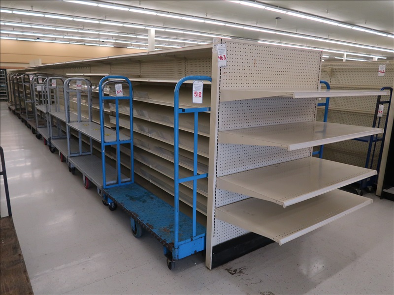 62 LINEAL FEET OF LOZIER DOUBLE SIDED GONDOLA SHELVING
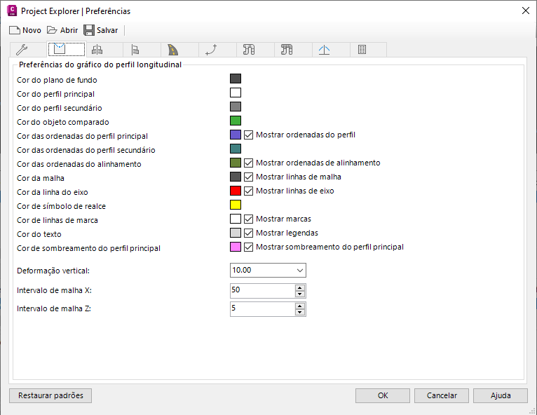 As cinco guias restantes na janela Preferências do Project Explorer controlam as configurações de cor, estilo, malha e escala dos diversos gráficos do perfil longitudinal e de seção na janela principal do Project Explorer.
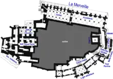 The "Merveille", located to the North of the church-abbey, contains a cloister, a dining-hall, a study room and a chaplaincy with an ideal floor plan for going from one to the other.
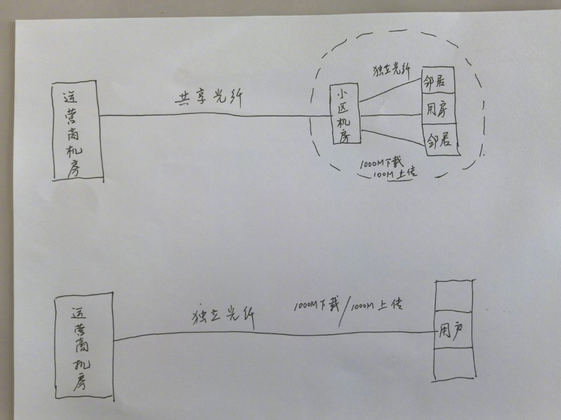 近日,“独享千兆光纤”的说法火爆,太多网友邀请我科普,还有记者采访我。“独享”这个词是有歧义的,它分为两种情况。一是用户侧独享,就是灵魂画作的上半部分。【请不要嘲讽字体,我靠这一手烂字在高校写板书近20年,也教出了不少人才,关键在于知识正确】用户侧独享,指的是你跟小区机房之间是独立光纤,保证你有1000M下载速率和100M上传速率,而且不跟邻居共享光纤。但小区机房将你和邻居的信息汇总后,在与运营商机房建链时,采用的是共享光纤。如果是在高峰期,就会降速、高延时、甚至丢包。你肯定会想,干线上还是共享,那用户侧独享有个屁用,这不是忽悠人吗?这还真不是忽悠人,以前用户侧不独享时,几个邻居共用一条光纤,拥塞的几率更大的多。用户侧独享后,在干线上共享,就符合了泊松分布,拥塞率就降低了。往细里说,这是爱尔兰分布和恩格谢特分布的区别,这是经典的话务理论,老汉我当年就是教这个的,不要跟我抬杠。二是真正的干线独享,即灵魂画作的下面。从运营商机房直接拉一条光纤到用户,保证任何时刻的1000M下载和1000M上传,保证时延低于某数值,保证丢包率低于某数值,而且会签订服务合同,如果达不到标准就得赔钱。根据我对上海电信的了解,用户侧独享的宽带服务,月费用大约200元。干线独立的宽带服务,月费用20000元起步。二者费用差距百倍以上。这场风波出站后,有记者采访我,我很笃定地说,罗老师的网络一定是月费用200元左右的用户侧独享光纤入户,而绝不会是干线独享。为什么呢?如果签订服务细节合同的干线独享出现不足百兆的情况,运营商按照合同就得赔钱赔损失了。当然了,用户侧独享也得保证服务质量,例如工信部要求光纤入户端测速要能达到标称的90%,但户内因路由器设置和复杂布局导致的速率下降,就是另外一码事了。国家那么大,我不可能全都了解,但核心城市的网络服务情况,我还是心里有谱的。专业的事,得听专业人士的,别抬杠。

*PROBLEM STATEMENT*
Transcribe all of the lines above exactly as given. The pictures stay out.

*THE ANSWER*
 62 LINEAL FEET OF LOZIER DOUBLE SIDED GONDOLA SHELVING
 As cinco guias restantes na janela Preferências do Project Explorer controlam as configurações de cor, estilo, malha e escala dos diversos gráficos do perfil longitudinal e de seção na janela principal do Project Explorer.
 The "Merveille", located to the North of the church-abbey, contains a cloister, a dining-hall, a study room and a chaplaincy with an ideal floor plan for going from one to the other.
 近日,“独享千兆光纤”的说法火爆,太多网友邀请我科普,还有记者采访我。“独享”这个词是有歧义的,它分为两种情况。一是用户侧独享,就是灵魂画作的上半部分。【请不要嘲讽字体,我靠这一手烂字在高校写板书近20年,也教出了不少人才,关键在于知识正确】用户侧独享,指的是你跟小区机房之间是独立光纤,保证你有1000M下载速率和100M上传速率,而且不跟邻居共享光纤。但小区机房将你和邻居的信息汇总后,在与运营商机房建链时,采用的是共享光纤。如果是在高峰期,就会降速、高延时、甚至丢包。你肯定会想,干线上还是共享,那用户侧独享有个屁用,这不是忽悠人吗?这还真不是忽悠人,以前用户侧不独享时,几个邻居共用一条光纤,拥塞的几率更大的多。用户侧独享后,在干线上共享,就符合了泊松分布,拥塞率就降低了。往细里说,这是爱尔兰分布和恩格谢特分布的区别,这是经典的话务理论,老汉我当年就是教这个的,不要跟我抬杠。二是真正的干线独享,即灵魂画作的下面。从运营商机房直接拉一条光纤到用户,保证任何时刻的1000M下载和1000M上传,保证时延低于某数值,保证丢包率低于某数值,而且会签订服务合同,如果达不到标准就得赔钱。根据我对上海电信的了解,用户侧独享的宽带服务,月费用大约200元。干线独立的宽带服务,月费用20000元起步。二者费用差距百倍以上。这场风波出站后,有记者采访我,我很笃定地说,罗老师的网络一定是月费用200元左右的用户侧独享光纤入户,而绝不会是干线独享。为什么呢?如果签订服务细节合同的干线独享出现不足百兆的情况,运营商按照合同就得赔钱赔损失了。当然了,用户侧独享也得保证服务质量,例如工信部要求光纤入户端测速要能达到标称的90%,但户内因路由器设置和复杂布局导致的速率下降,就是另外一码事了。国家那么大,我不可能全都了解,但核心城市的网络服务情况,我还是心里有谱的。专业的事,得听专业人士的,别抬杠。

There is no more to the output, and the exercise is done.